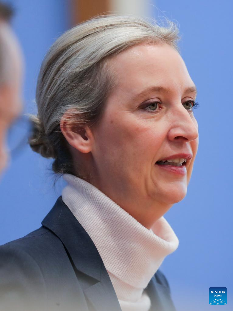 Alice Weidel, co-leader of the Alternative for Germany (AfD), attends a press conference in Berlin, Germany, Feb. 24, 2025. Germany's conservative bloc, the Christian Democratic Union (CDU) and the Christian Social Union (CSU), has taken the lead in the country's 2025 federal election, preliminary results have showed.
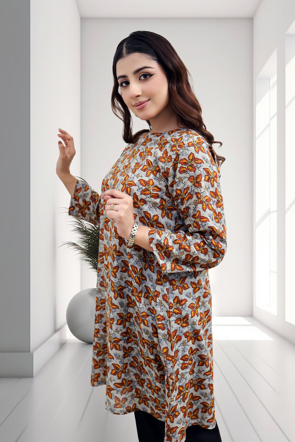 Stunning Amber Blossom Print: Adorned with a vibrant, eye-catching pattern of orange and yellow floral motifs set against a subtle off-white or light gray base, perfect for all-day wear.
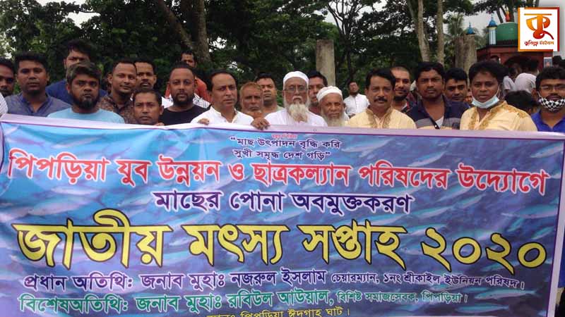 মাছ উৎপাদন বৃদ্ধি করি সূখী সমৃদ্ধ দেশ গড়ি। এ স্লোগানকে সামনে রেখে জাতীয় মৎস্য সপ্তাহ ২০২০ উপলক্ষে কুৃমিল্লা বাঙ্গরা বাজার থানাধীন এক নং শ্রীকাইল ইউনিয়নের পিপড়িয়া যুব উন্নয়ন ও ছাত্র কল্যান পরিষদের উদ্যোগে মাছের পোনা অবমুক্ত করা হয়েছে।
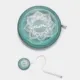 Estuche de color verde azulado con diseño de mandala en la parte superior.

= = =

*GOAL OF THE EXERCISE*
Take the material above from its first line through the line holding "Stunning Amber Blossom" and set it down exactly, without the pictures.

*SOLVED EXERCISE*
 Alice Weidel, co-leader of the Alternative for Germany (AfD), attends a press conference in Berlin, Germany, Feb. 24, 2025. Germany's conservative bloc, the Christian Democratic Union (CDU) and the Christian Social Union (CSU), has taken the lead in the country's 2025 federal election, preliminary results have showed.
 Stunning Amber Blossom Print: Adorned with a vibrant, eye-catching pattern of orange and yellow floral motifs set against a subtle off-white or light gray base, perfect for all-day wear.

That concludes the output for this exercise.